(Records provided begins)

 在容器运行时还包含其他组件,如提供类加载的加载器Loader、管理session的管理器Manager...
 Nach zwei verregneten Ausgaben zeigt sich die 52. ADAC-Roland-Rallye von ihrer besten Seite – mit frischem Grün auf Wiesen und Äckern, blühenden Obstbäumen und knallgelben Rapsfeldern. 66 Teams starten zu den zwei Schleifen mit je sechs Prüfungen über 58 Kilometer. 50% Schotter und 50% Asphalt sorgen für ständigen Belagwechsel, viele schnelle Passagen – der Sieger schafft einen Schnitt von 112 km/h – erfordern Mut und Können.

(Records provided ends)
(Records provided begins)

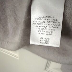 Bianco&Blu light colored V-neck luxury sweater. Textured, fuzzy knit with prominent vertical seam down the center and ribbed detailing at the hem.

(Records provided ends)

Exercise: Above are the entries. Copy exactly the part that opens with the line containing "在容器运行时还包含其他组件,如提供类加载" and closes with the line containing "Nach zwei verregneten", and no more.

Result of this task:
 在容器运行时还包含其他组件,如提供类加载的加载器Loader、管理session的管理器Manager...
 Nach zwei verregneten Ausgaben zeigt sich die 52. ADAC-Roland-Rallye von ihrer besten Seite – mit frischem Grün auf Wiesen und Äckern, blühenden Obstbäumen und knallgelben Rapsfeldern. 66 Teams starten zu den zwei Schleifen mit je sechs Prüfungen über 58 Kilometer. 50% Schotter und 50% Asphalt sorgen für ständigen Belagwechsel, viele schnelle Passagen – der Sieger schafft einen Schnitt von 112 km/h – erfordern Mut und Können.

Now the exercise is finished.